Karena Anda bisa melewati tahapan ini beberapa kali sepanjang malam, ada lebih banyak waktu yang dihabiskan di tahapan tidur kedua daripada tahap-tahap lainnya, dan biasanya mencakup 45-50% dari total waktu tidur orang dewasa, bahkan dewasa muda.

Tahap 3 NREM: Tidur nyenyak

Tahapan tidur ketiga adalah apa yang disebut dengan tidur nyenyak. Pada tahap ini, otak melepaskan gelombang delta, yang awalnya diselingi oleh gelombang yang lebih kecil dan cepat, kemudian akan secara eklusif didominasi oleh gelombang delta. Selama tahap ini, Anda menjadi kurang responsif dan suara dan aktivitas di lingkungan mungkin gagal untuk menghasilkan respon. Tidak ada gerakan mata atau otot aktivitas. Tahapan ketiga juga bertindak sebagai masa transisi antara tidur ringan dan tidur yang sangat dalam.

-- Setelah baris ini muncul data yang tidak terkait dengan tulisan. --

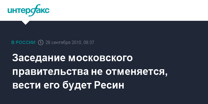 Заседание московского правительства не отменяется, вести его будет Ресин

Akan sangat sulit untuk membangunkan seseorang yang sedang nyenyak terlelap. Biasanya, jika terbangun, ia tidak bisa sesegera mungkin menyesuaikan diri dengan perubahan dan seringnya merasa grogi dan kebingungan selama beberapa menit setelah bangun. Beberapa anak mengalami ngompol, teror malam, atau sleepwalking selama tahapan tidur nyenyak.

Selama tahapan tidur nyenyak, tubuh memulai perbaikan dan pertumbuhan jaringan kembali, membangun kekuatan tulang dan otot, meningkatkan pasokan darah ke otot, meningkatkan dan memperkuat sistem imun. Energi juga dipulihkan dan hormon pertumbuhan — penting untuk tumbuh kembang, termasuk perkembangan otot.

Tidur REM: tidur bermimpi

Ketika kita beralih ke tidur REM (Rapid Eye Movement), pernapasan menjadi lebih cepat, tidak teratur, dan dangkal; mata bergerak ke segala arah dengan sangat cepat, seperti gelisah; aktivitas otak meningkat; dan, detak jantung meningkat, tekanan darah naik, dan, bagi pria, mengembangkan ereksi. Kebanyakan mimpi bermula di tahap ini

The American Sleep Foundation bahwa orang menghabiskan sekitar 20 persen dari total tidur mereka di tahap ini. Tidur REM juga sering disebut sebagai paradoks tidur, karena sementara otak dan sistem tubuh lainnya aktif bekerja, otot-otot menjadi lebih rileks. Mimpi terjadi akibat peningkatan aktivitas otak, tapi otot mengalami kelumpuhan sementara yang disengaja.

Periode tidur REM pertama biasanya terjadi sekitar 70 sampai 90 menit setelah kita tertidur. Sebuah siklus tidur lengkap membutuhkan waktu 90 sampai 110 menit rata-rata. Setelah sekitar 10 menit dalam tidur REM, otak biasanya siklus kembali melalui tahap tidur non-REM. Rata-rata, empat periode tambahan tidur REM terjadi, masing-masing memiliki durasi lebih lama.

Siklus tidur pertama setiap malam mengandung periode REM yang relatif singkat dan jangka waktu tidur nyenyak. Saat malam berlangsung, periode tidur REM meningkat durasinya, sementara kenyenyakan tidur menurun. Pada pagi hari, orang menghabiskan hampir seluruh waktu mereka terlelap di tahapan tidur 1, 2, dan REM.

Anda akan kehilangan beberapa kemampuan untuk mengatur suhu tubuh selama berada di bawah pengaru tidur REM, sehingga suhu panas atau dingin yang minta ampun di lingkungan tidur dapat mengganggu pulasnya tidur Anda.

Penting pula untuk dipahami bahwa Anda tidak melalui keseluruhan tahapan tidur ini secara berurutan. Tidur dimulai pada tahap 1 dan maju ke tahap 2, dan kemudian 3. Setelah tahapan tidur 3, tahap 2 tidur diulang sebelum memasuki tidur REM. Setelah tidur REM berakhir, tubuh biasanya kembali ke tahap 2. Jika tidur REM terganggu, tubuh kita tidak mengikuti perkembangan siklus tidur mormal, begitu momen berikutnya kita tertidur. Sebaliknya, kita sering tergelincir langsung ke tahapan tidur REM dan mengalami periode REM yang diperpanjang sampai kita “mengejar ketertinggalan” di tahapan tidur ini.